This is not like a fly in my soup. It’s serious. It’s about a major wake up call from a prospective study in today’s New England Journal of Medicine. Among 257 patients undergoing a surgical carotid endarterectomy procedure (taking out the atherosclerotic plaque) with complete follow-up, 58% had microplastics and nanoplastics (MNPs) in their plaque and their presence was linked to a subsequent 4.5 -fold increase of the composite of all-cause mortality, heart attack and stroke.

Background

Plastics are everywhere, with an annual output over 400 million tons, expected to double by 2040, produced from fossil fuels with thousands of chemical additives that are known to be carcinogenic, neurotoxic, and disruptive of our lipid metabolism (“endocrine disrupting”). As a result of our ingestion and inhalation, they have been found in the tissue of people—in the gastrointestinal tract (colon, liver), lymph nodes and spleen, lung, placenta, and more as illustrated, along with their toxic effects, in a recent review.

Microplastics and nanoplastics (MNPs), the product of their degradation, have been linked with asthma, cancer, cognitive impairment, interstitial lung disease, and premature births. MNPs have been found in drinking and bottled water and bound to fine particulate matter (PM2.5) in air. The CDC data indicate they are likely present in the bodies of all Americans.

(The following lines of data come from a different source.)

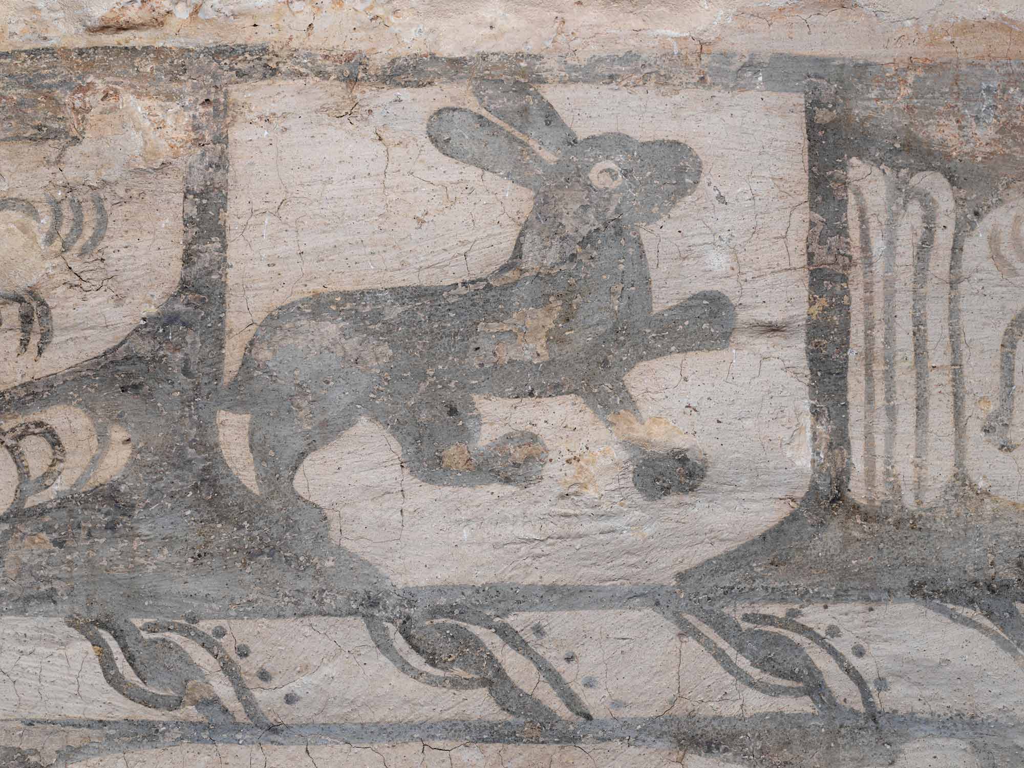 The Grotesque style paintings feature fantastical beasts and foliage arranged in decorative panels. Found on some of the lodge’s internal walls, evidence suggests the artwork originally covered a larger area within the rooms.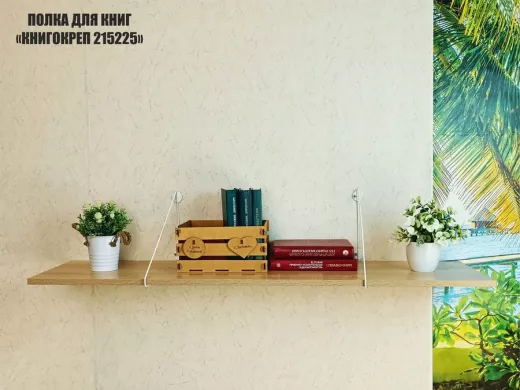 Полка для книг "КНИГОКРЕП 215225" высота 26 см размер 120х30 см белый и дуб сонома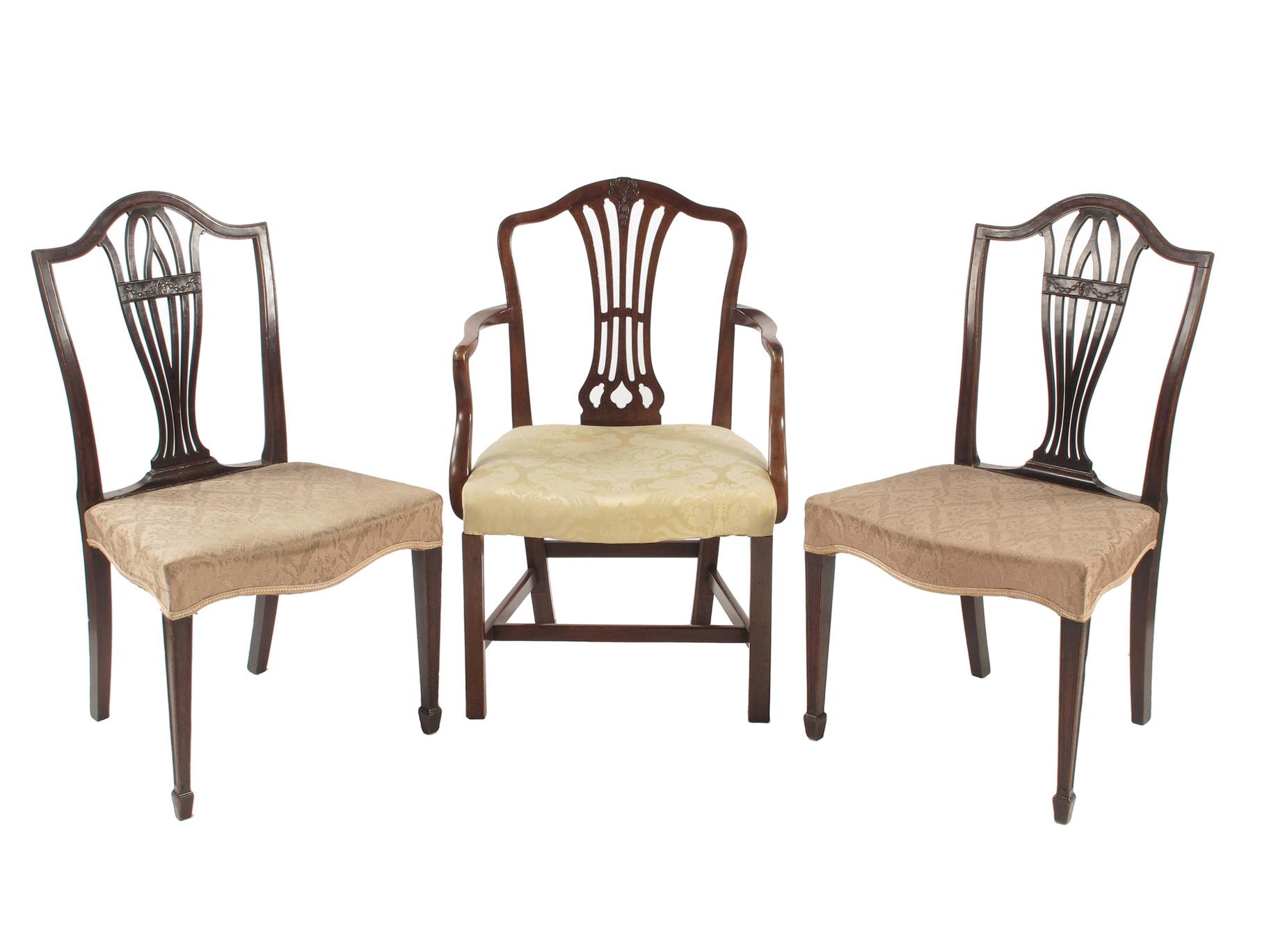 A pair of George III mahogany 'Hepplewhite' side chairs, each with an undulating top rail above a pierced splat with a carved tablet with husks and an oval patera, to a stuffed-over serpentine front seat on panelled square tapering legs to socket feet, together with a mahogany open armchair. (3)

An outstanding review article, also present in the current NEJM issue, goes through the known health effects of the plastic life cycle with the accompanying Figure.

The New Study

A 3-center prospective study in Italy was conducted to determine whether MNPs were present in atheroma and, if so, were there adverse cardiovascular outcomes associated with MNPs in plaque? They selected a primary composite endpoint of all-cause death, heart attack and stroke.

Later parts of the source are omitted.